Chassée par la porte, cette idée revient ici par la fenêtre, contre la volonté de tous les syndicats d'enseignants. Certes, cette proposition de loi élude pudiquement le terme de statut. Certes, des amendements cocasses, votés en commission, tentent de dissiper la confusion, retirant toute référence à la hiérarchie. Mais de nouveaux amendements dispensent maintenant les directeurs de l'avis du conseil des maîtres, qui n'est d'ailleurs même plus cité ; et les directeurs ou directrices restent dotés d'une autorité académique sur leurs collègues enseignants. Alors comprenne qui pourra : comment être décisionnaire et délégataire de l'autorité académique sans être consacré responsable hiérarchique ?
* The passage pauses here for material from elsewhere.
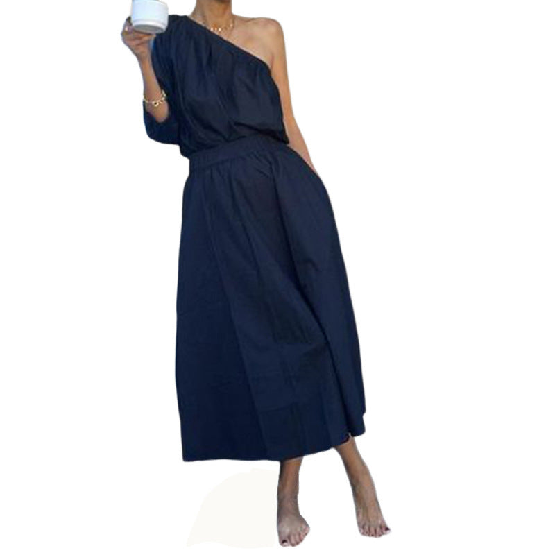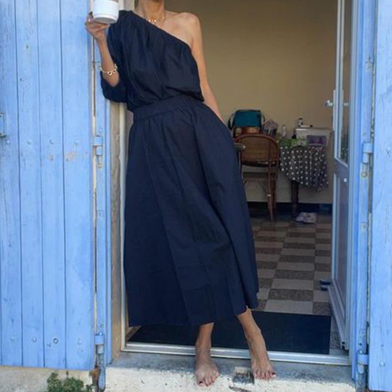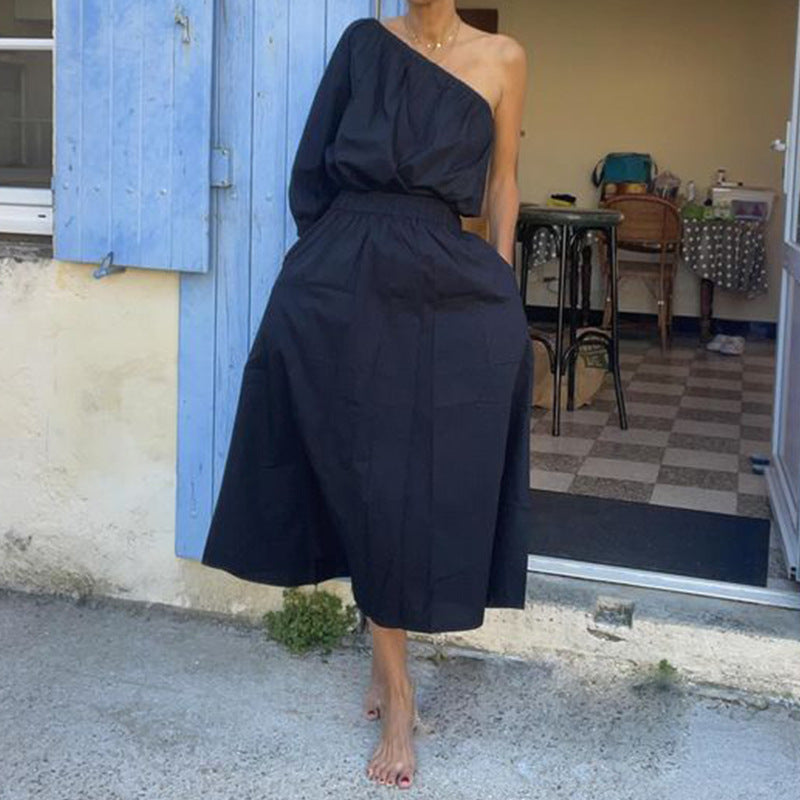 Oblique Shoulder Tops Mid-length Skirt Suit Two-piece Set

Mais la ruse ne s'arrête pas là. Si vous déchargez de cours les directeurs à partir de huit classes, ce dont nous nous félicitons, c'est pour mieux leur confier des missions supplémentaires, aujourd'hui assurées par d'autres – et cela sans aucun mot sur l'aide au traitement de la paperasserie qui les assaille, sauf pour ouvrir la possibilité d'aides administratives au bon vouloir des collectivités, selon on ne sait quelles spécificités. Aucun mot non plus sur les directeurs des écoles de moins de huit classes – soit 75 % des écoles – , ce qui laissé craindre le retour aux EPSF, dotés de directeurs rattachés au collège. Voilà les craintes que suscite la proposition de loi.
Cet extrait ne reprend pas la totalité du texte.